The medusae possess at least three sensory modalities: photoreception, equilibrium, or balance – sometimes thought of as gravity reception, and chemoreception. Structures have been described for receptors detecting light and balance but not for waterborne chemicals – equivalent to our senses of taste and smell. The fact that medusae respond to chemicals of various kinds allows us to infer that the sense exists, even if there has been no structure identified to associate with it. Clearly, medusae have well‐developed sensory capabilities.

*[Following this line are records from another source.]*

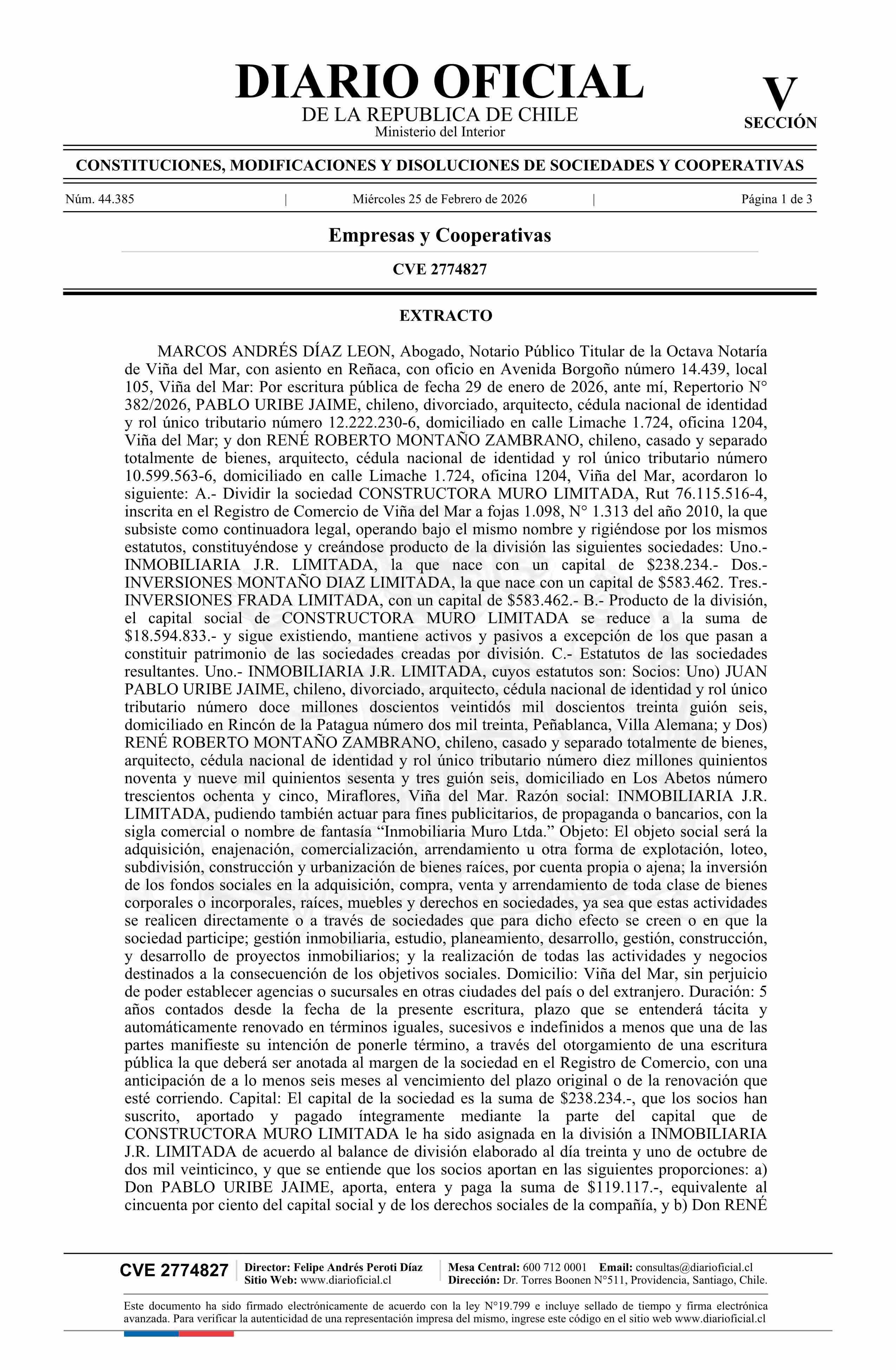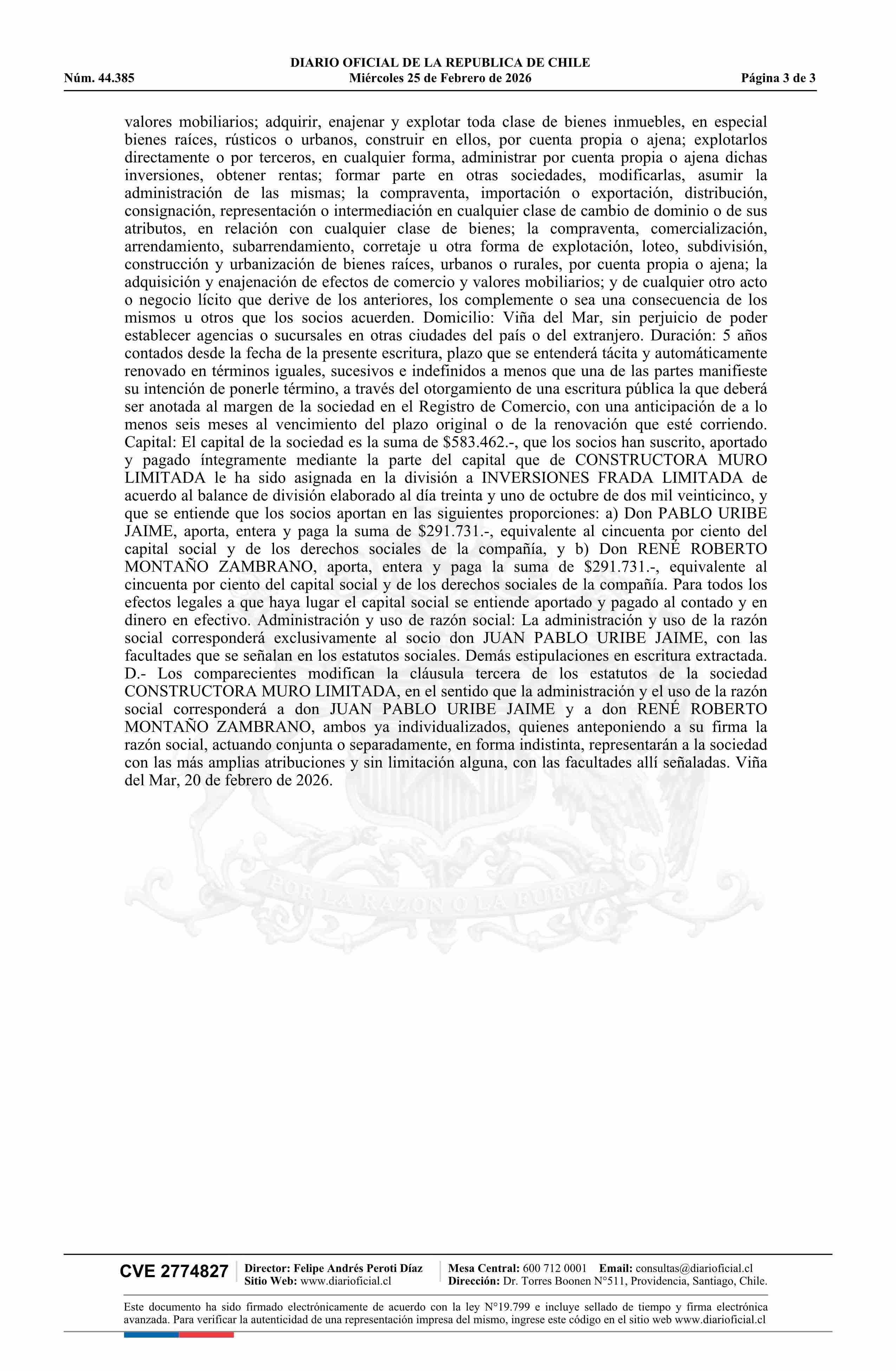 CONSTRUCTORA MURO LIMITADA 76.115.516-4 25-02-2026 Diario Oficial Edición Electrónica |
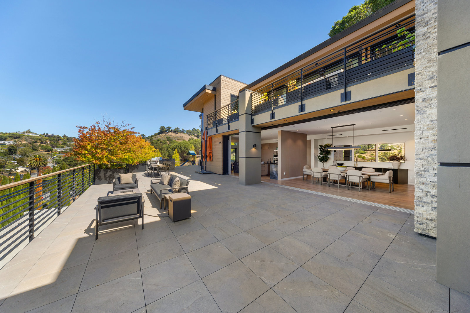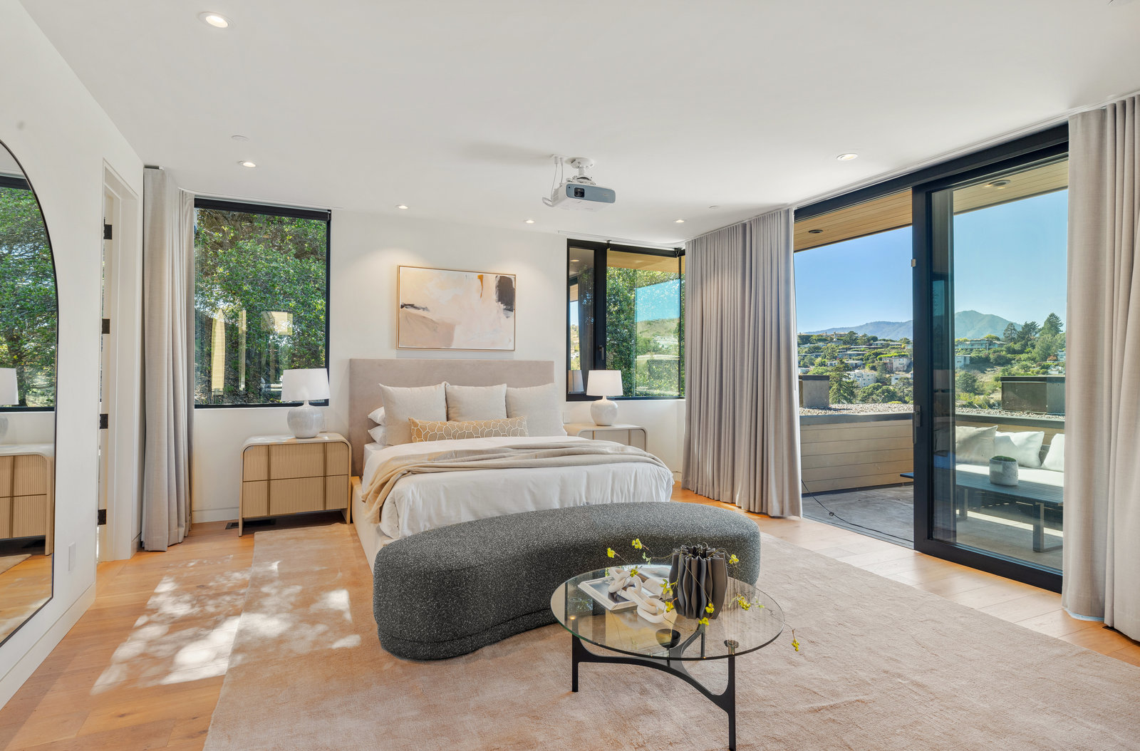 The primary suite boasts a stunning spa-like bath with Calacatta marble, a dual vanity, a Badeloft free-standing tub, and a large shower. This serene retreat opens to a private terrace with west-facing views of Mount Tamalpais.
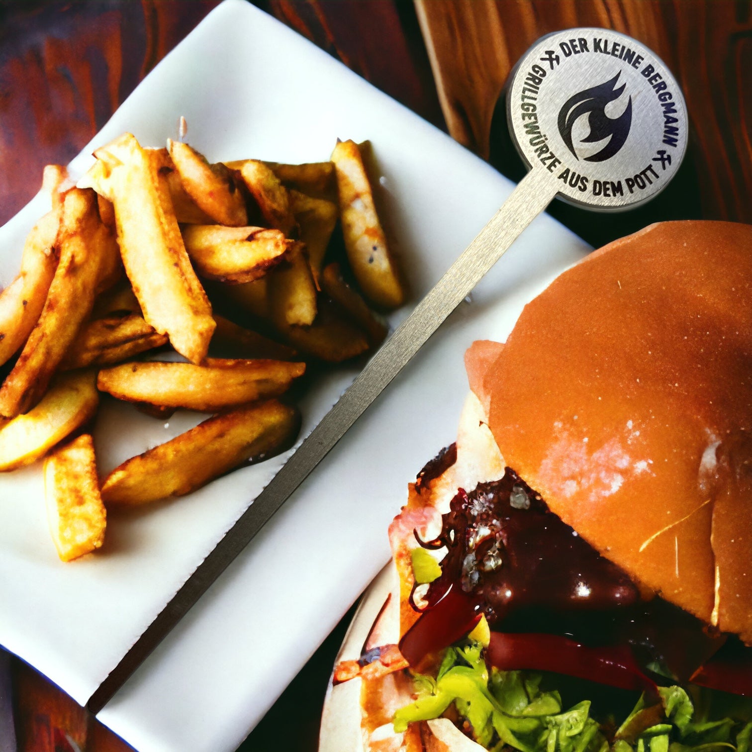 Diese Burger-Spieße aus Edelstahl sind der perfekte Begleiter in jeder Küche. Mit dem Logo von „Der Kleine Bergmann" verleihen sie jedem Burger einen einzigartigen Look. Ausgestattet mit einer hochwertigen Oberflächenbeschichtung sind die Spieße robust und langlebig.

The rhopalia are multifunctional sensory centers, usually possessing a photoreceptor and equilibrium receptor, or statocyst, within the same general structure ( Figure 3.23). The photoreceptors vary in complexity from a simple pigment cup without a lens and a limited number of receptors such as that observed in the ocelli of Aurelia aurita ( Figure 3.23d) to the well‐developed ocelli of the cubomedusae that possess a cornea, a lens, and a well‐defined retina ( Figure 3.23e). Although structures believed to be photoreceptive in nature have been described in medusae since the 1940s, almost no neurophysiological recording has been completed to directly confirm their sensory role. Fortunately, such recordings have been done in other primitive phyla (e.g. flatworms) from highly similar structures, and we may infer their photoreceptive function from those (Land 1990; Withers 1992). In addition, there are a variety of observed behaviors that require a sensitivity to light. Among those are diurnal vertical migration (Hamner 1995) and the orientation of cubomedusae to a point source of light several meters away. The sensory centers of medusae are distributed liberally around the bell margin. Thus even the sensitivity to light and shadow afforded by simple eyes can aid in navigation or alert the individual to the presence of predator or prey.